A program resistent to power/hardware/OS failures
Asked Answered
M

1

6

I need to write a program that performs a parallel search in a large space of possible states, with new areas being discovered (and their exploration started) in the process, and exploration of some areas being terminated early as intermediate results obtained elsewhere eliminate a possibility of discovering new useful results in them. The search is performed using multiple threads running in a heavy cooperation with each other to avoid recalculation of intermediate data.

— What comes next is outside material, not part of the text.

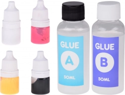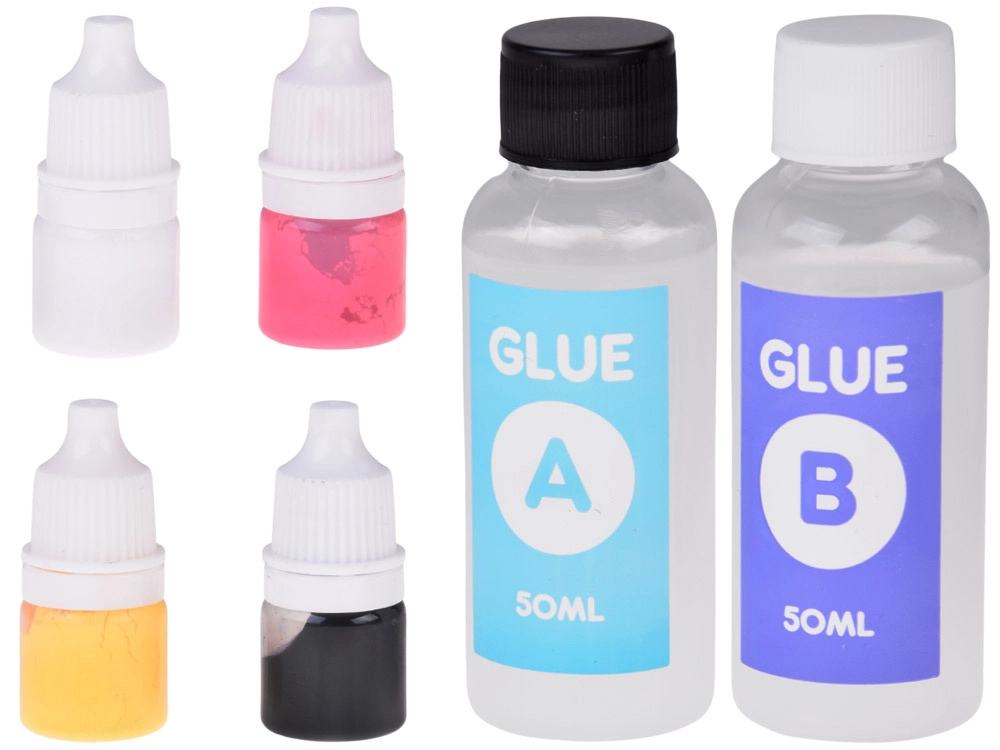 - Kalup za 4 sluzi, mešalna lopatica, plastični nožek, 2× lepilo (A+B), merilni lonček, 4× barvilo, mehke okrasne kroglice, zaščitne rokavice, 4× zvezdica, 4× prozoren lonček, 4× okrasna vrečka, 4× verižica za obesek za ključe, pladenj

A complex internal state (including call stacks of several threads and state synchronization primitives they use) has to be maintained and updated during the whole process, and there is no apparent way to split the computation into isolated chunks that can be executed sequentially, each saving and passing a small intermediate result to the next. Also, there is no way to split the computation into independent parallel threads not communicating with each other, without imposing a prohibitive overhead due to recalculation of large amount of intermediate data.

Because of the large search domain, the program would possibly run for months before producing a final result. Hence, there is a significant risk of power, hardware or OS failure during the program execution that can lead to a complete loss of all work that has been done to the moment. In such a case the program will need to restart all its computations from scratch.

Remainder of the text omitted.